**WHAT YOU NEED TO DO:**
Give back exactly the lines of the data below, starting with the line that has "ADIDAS Womens Loose" and going on through the line that has "如期举行2016年秋季新生入".

**EXCERPTED RECORDS:**
Start of Block
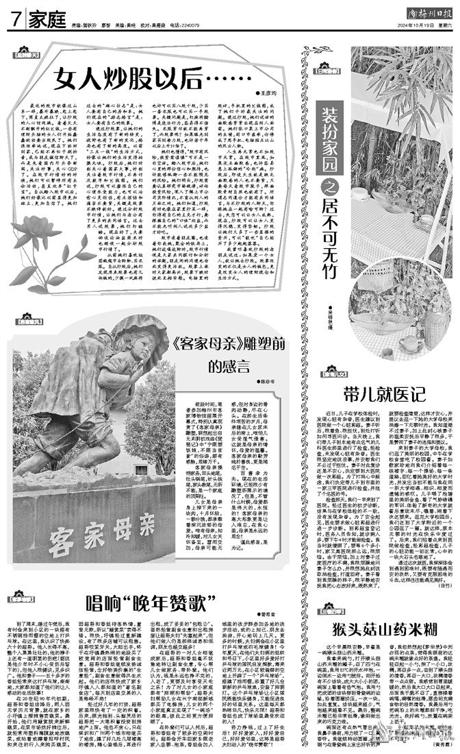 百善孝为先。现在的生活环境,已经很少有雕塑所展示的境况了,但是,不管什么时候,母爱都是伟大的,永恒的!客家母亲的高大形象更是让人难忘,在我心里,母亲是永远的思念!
End of Block
Start of Block
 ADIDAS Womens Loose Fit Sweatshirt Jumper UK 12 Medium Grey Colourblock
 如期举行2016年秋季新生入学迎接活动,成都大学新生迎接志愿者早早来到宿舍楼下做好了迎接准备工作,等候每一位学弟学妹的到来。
End of Block
Start of Block
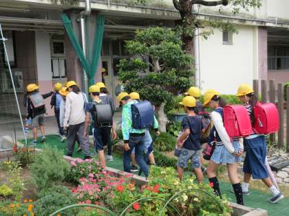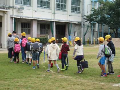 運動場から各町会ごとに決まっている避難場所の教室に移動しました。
End of Block
**ANSWER BELOW:**
 ADIDAS Womens Loose Fit Sweatshirt Jumper UK 12 Medium Grey Colourblock
 如期举行2016年秋季新生入学迎接活动,成都大学新生迎接志愿者早早来到宿舍楼下做好了迎接准备工作,等候每一位学弟学妹的到来。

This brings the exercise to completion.